*** INPUT MATERIAL ***
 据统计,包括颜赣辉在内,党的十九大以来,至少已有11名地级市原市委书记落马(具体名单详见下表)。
*** End of INPUT MATERIAL ***
*** INPUT MATERIAL ***
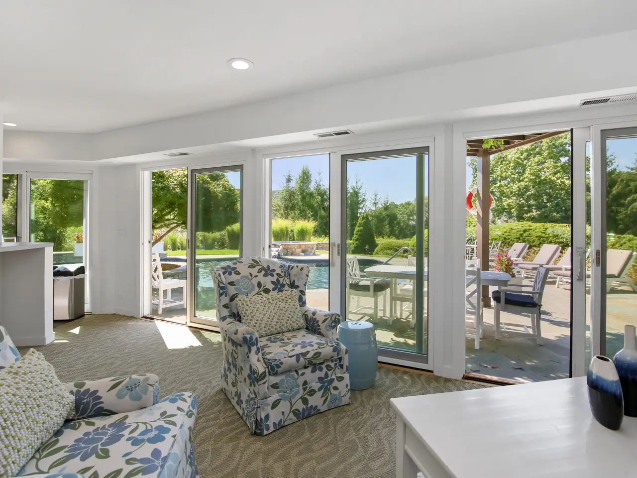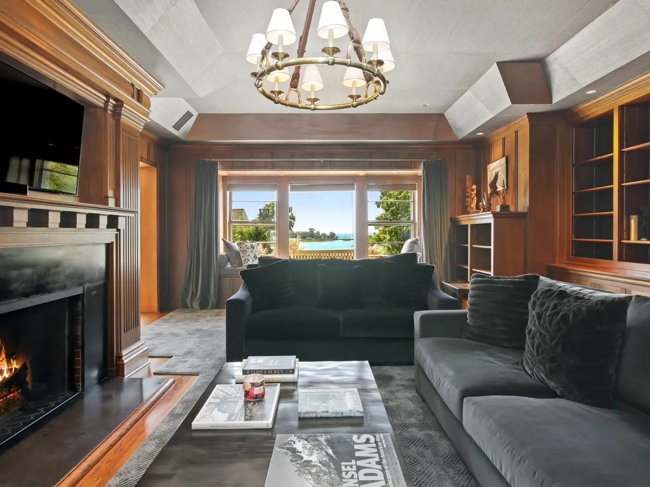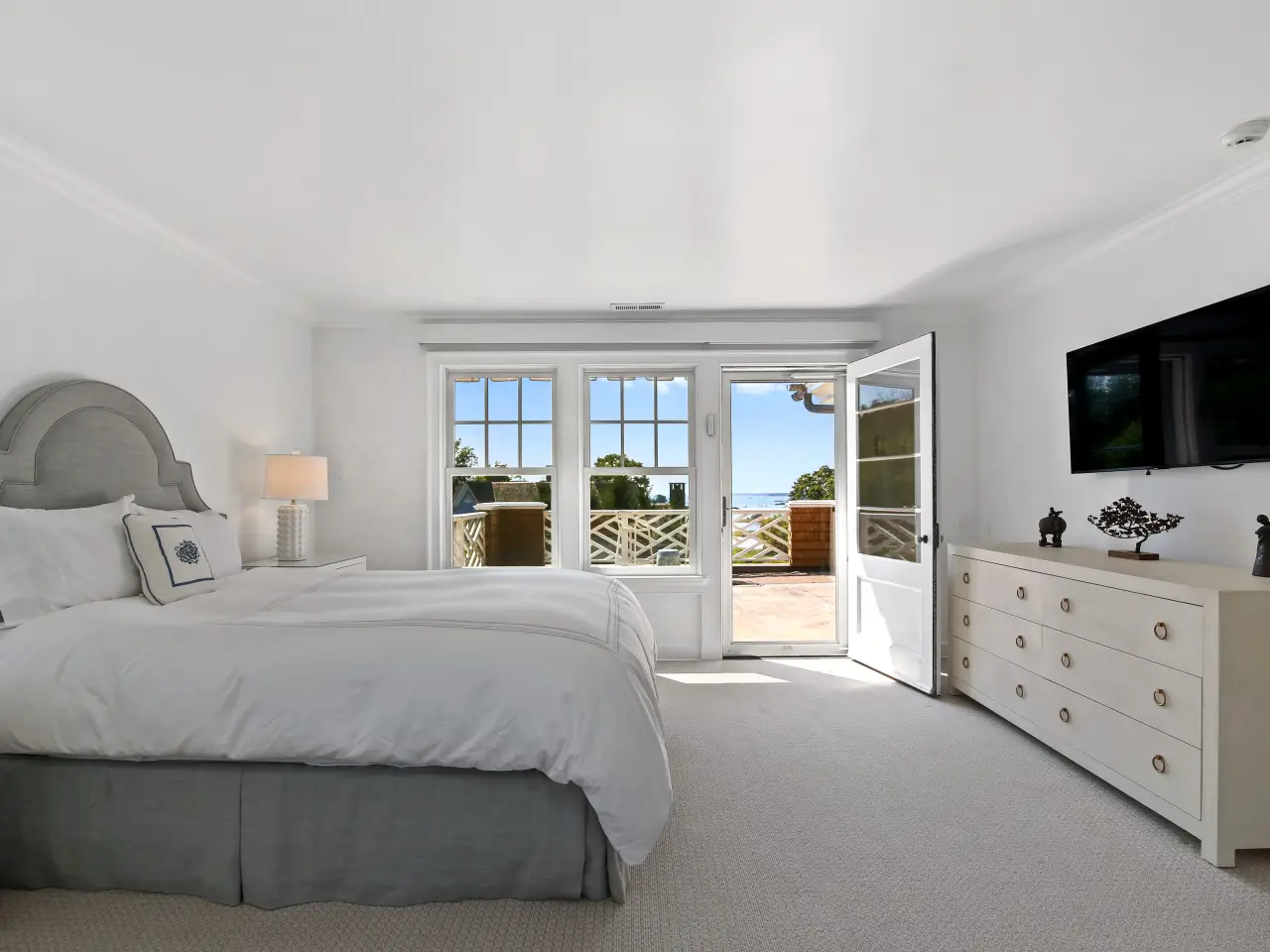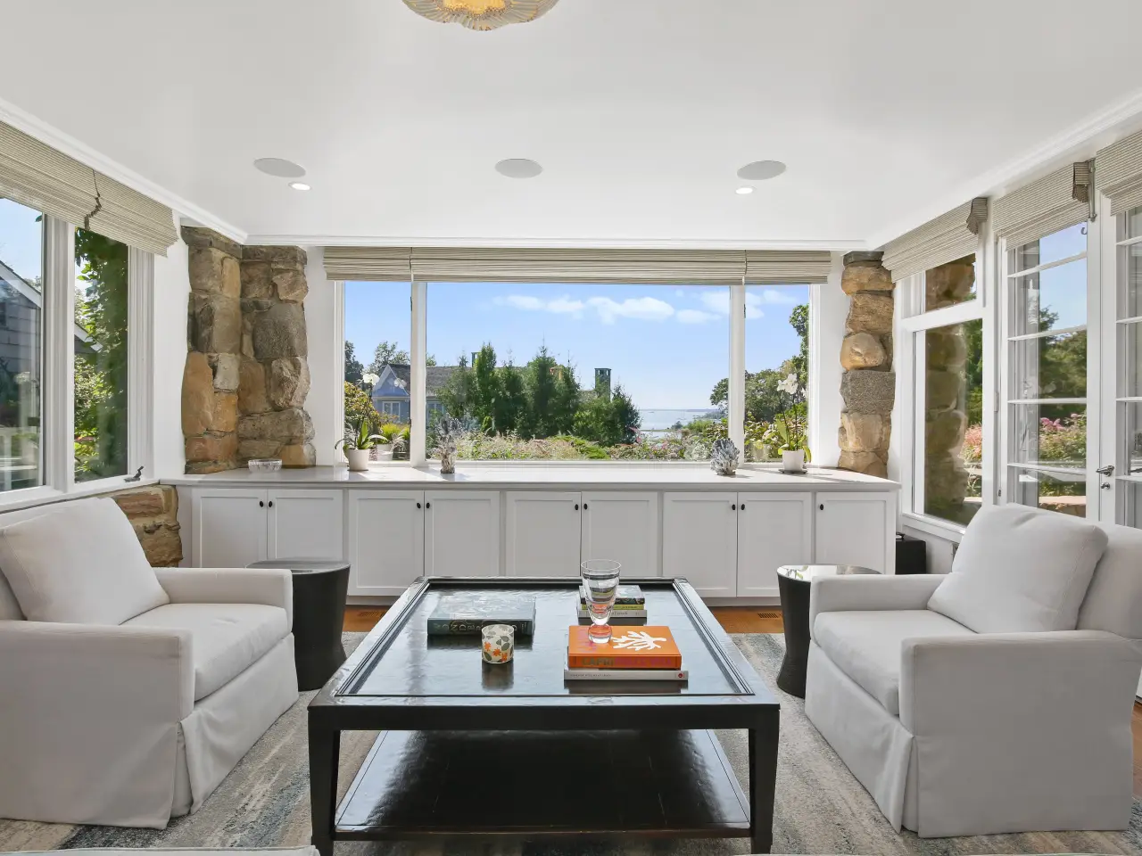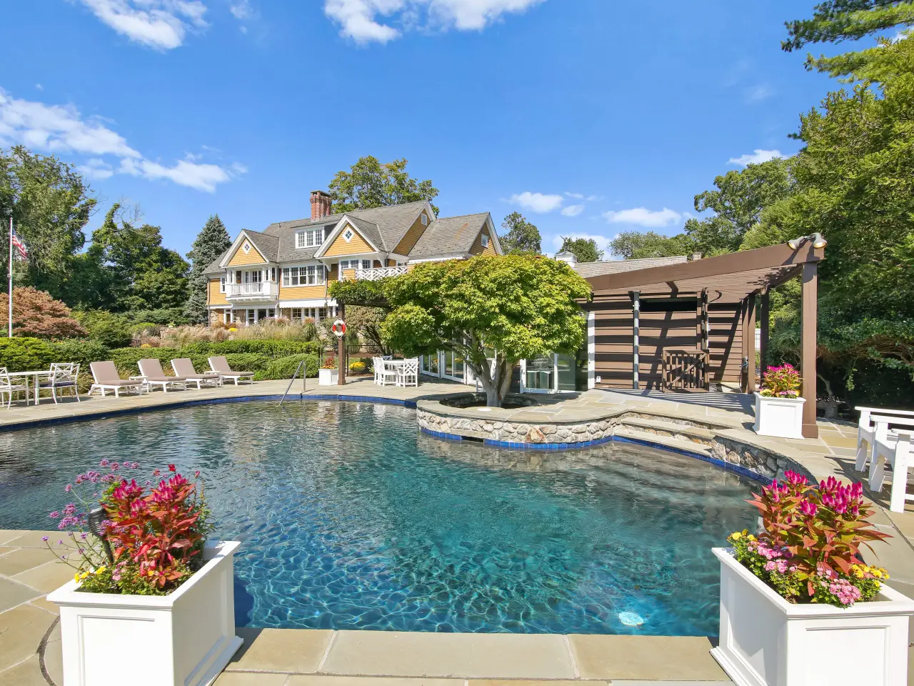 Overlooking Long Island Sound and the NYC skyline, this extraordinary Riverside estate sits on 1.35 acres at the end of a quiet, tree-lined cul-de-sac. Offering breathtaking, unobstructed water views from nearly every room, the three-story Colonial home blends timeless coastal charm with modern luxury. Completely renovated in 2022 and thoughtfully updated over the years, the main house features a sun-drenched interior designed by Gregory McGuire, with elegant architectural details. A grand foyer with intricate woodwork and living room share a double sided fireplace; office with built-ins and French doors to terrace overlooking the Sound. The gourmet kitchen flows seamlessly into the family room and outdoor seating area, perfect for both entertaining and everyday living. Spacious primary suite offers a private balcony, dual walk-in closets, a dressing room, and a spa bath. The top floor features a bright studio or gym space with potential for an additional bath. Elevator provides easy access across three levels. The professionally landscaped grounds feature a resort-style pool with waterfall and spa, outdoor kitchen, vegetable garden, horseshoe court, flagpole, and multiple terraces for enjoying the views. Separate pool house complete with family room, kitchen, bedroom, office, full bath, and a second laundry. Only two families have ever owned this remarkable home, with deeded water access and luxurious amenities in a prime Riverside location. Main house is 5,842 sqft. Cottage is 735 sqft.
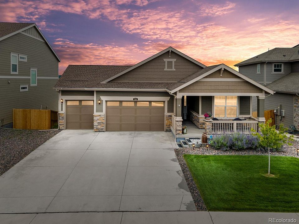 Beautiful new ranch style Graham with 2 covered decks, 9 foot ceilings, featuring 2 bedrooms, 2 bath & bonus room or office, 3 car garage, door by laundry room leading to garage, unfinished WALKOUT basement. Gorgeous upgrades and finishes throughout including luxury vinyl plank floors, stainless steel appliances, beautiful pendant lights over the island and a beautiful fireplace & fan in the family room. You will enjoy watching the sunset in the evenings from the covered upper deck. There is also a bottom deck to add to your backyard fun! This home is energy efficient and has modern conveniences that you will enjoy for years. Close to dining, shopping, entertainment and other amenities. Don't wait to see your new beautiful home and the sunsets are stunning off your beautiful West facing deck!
*** End of INPUT MATERIAL ***
*** INPUT MATERIAL ***
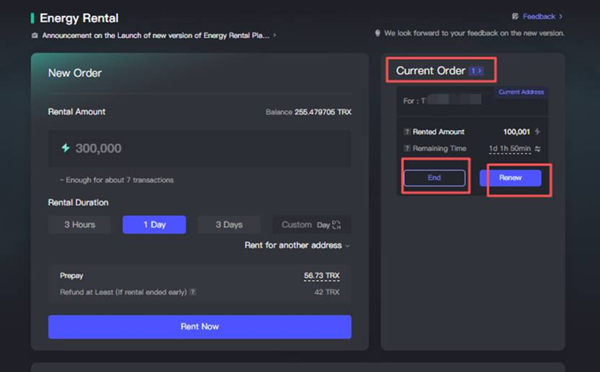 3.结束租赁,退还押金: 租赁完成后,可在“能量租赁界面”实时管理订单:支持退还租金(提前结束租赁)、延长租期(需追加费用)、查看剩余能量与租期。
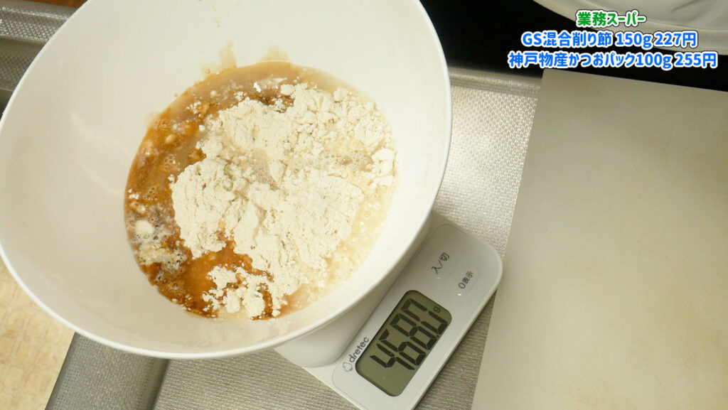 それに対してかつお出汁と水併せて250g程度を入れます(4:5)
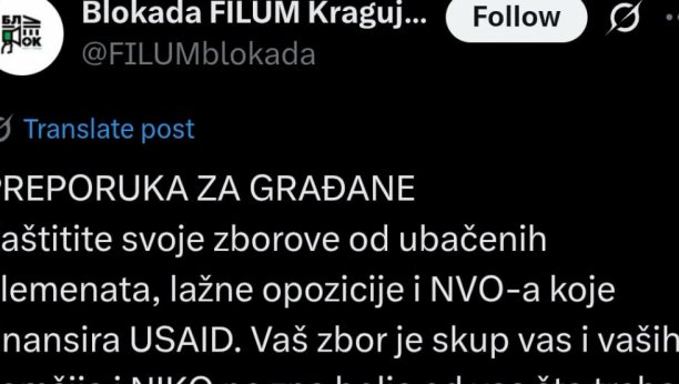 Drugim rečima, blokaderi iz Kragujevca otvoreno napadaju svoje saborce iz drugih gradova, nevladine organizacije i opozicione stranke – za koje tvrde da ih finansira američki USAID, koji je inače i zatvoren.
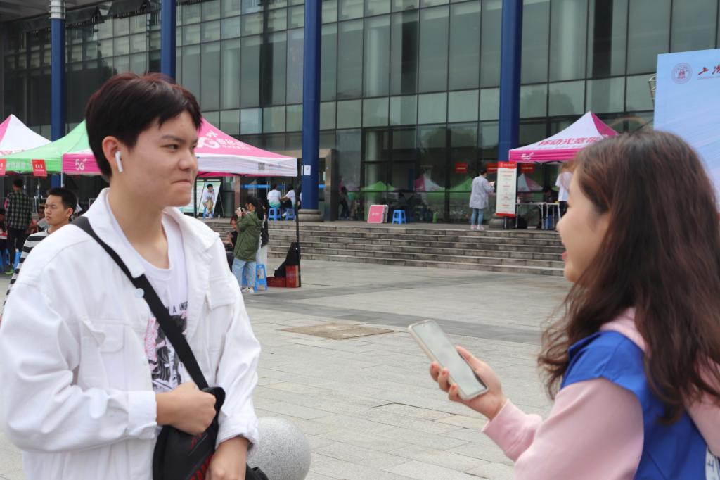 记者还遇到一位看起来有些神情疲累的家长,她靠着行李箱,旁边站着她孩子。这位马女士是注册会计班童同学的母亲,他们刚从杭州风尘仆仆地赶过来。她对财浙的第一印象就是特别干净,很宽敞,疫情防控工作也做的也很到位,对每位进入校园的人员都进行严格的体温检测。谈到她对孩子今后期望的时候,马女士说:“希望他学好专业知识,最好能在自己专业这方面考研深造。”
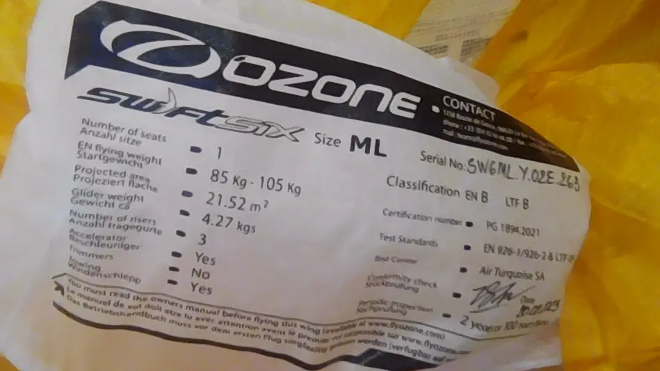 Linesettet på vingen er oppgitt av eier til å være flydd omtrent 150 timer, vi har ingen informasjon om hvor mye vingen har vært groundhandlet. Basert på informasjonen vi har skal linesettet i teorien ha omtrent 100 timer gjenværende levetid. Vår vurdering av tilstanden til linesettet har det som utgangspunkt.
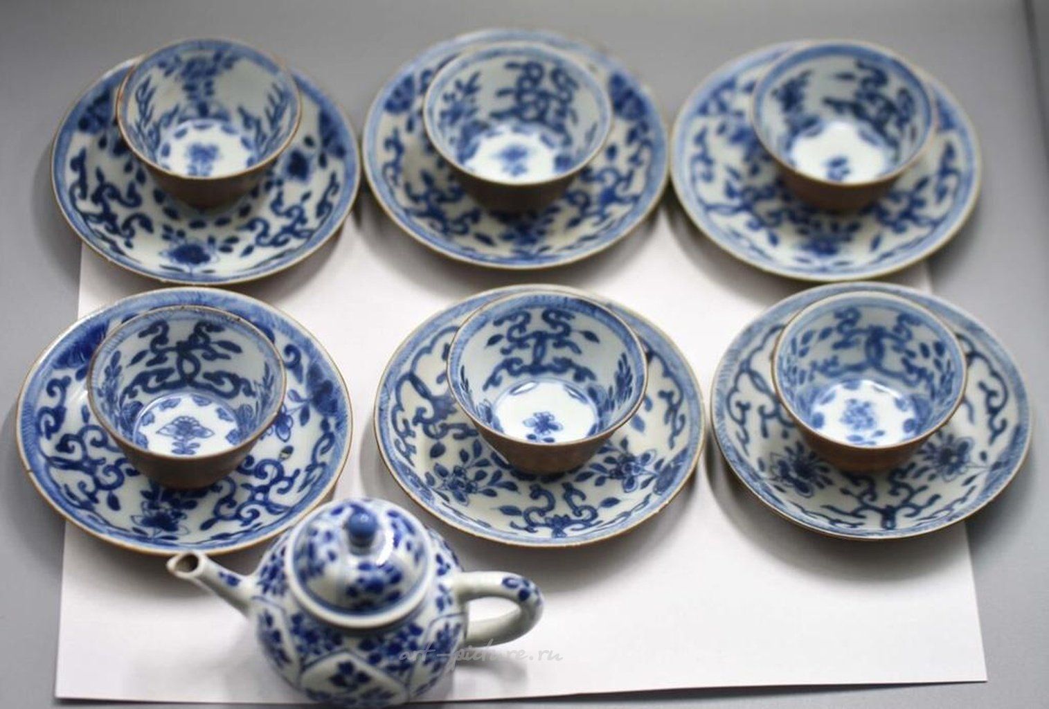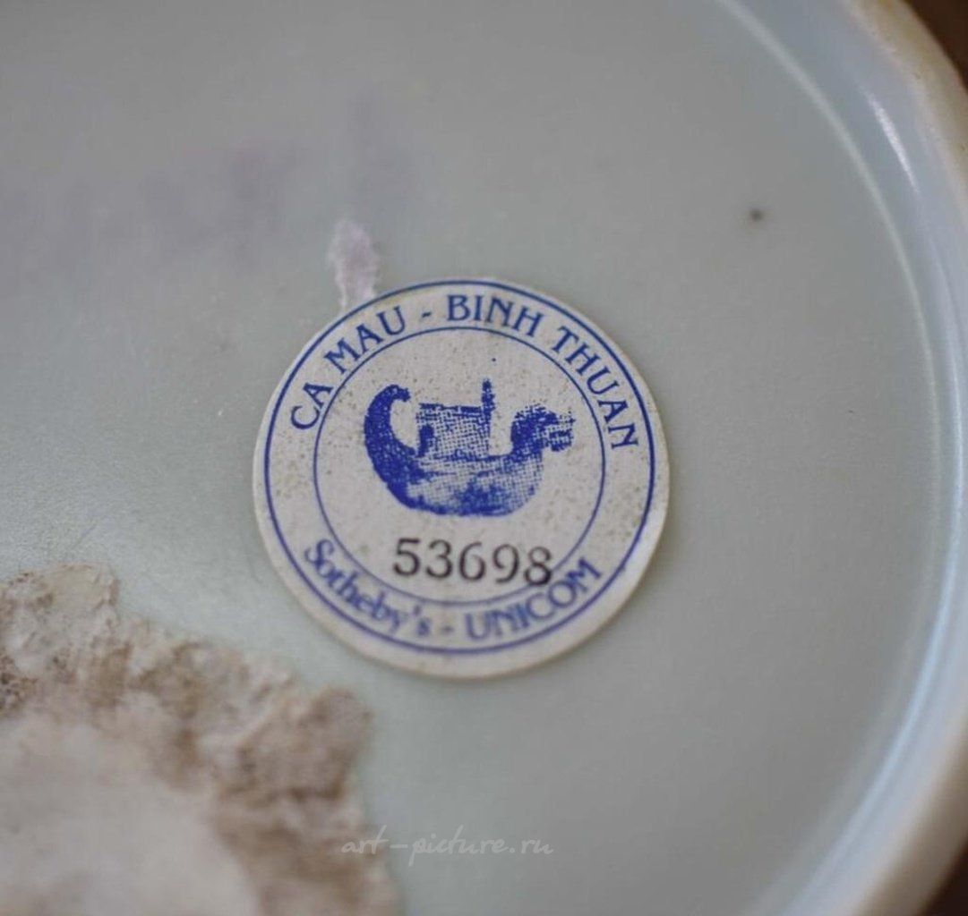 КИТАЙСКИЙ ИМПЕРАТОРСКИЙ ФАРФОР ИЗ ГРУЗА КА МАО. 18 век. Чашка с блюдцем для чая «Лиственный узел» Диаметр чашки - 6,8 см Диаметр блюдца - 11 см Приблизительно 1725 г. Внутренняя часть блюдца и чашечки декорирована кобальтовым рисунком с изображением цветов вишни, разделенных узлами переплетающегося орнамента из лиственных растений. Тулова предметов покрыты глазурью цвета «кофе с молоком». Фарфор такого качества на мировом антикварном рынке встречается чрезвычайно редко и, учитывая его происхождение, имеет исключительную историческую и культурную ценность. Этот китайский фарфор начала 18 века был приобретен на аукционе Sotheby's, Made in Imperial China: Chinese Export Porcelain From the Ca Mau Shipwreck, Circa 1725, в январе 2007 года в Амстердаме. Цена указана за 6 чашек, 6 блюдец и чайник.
*** End of INPUT MATERIAL ***
**TASK TO COMPLETE**
With the pictures omitted, copy the entries above exactly from the line containing "それに対してかつお出汁と水併せて250g程度を入れます(4:5)" through the line containing "Linesettet på vingen", both lines included.

**RESULT OF THE EXERCISE**
 それに対してかつお出汁と水併せて250g程度を入れます(4:5)
 Drugim rečima, blokaderi iz Kragujevca otvoreno napadaju svoje saborce iz drugih gradova, nevladine organizacije i opozicione stranke – za koje tvrde da ih finansira američki USAID, koji je inače i zatvoren.
 记者还遇到一位看起来有些神情疲累的家长,她靠着行李箱,旁边站着她孩子。这位马女士是注册会计班童同学的母亲,他们刚从杭州风尘仆仆地赶过来。她对财浙的第一印象就是特别干净,很宽敞,疫情防控工作也做的也很到位,对每位进入校园的人员都进行严格的体温检测。谈到她对孩子今后期望的时候,马女士说:“希望他学好专业知识,最好能在自己专业这方面考研深造。”
 Linesettet på vingen er oppgitt av eier til å være flydd omtrent 150 timer, vi har ingen informasjon om hvor mye vingen har vært groundhandlet. Basert på informasjonen vi har skal linesettet i teorien ha omtrent 100 timer gjenværende levetid. Vår vurdering av tilstanden til linesettet har det som utgangspunkt.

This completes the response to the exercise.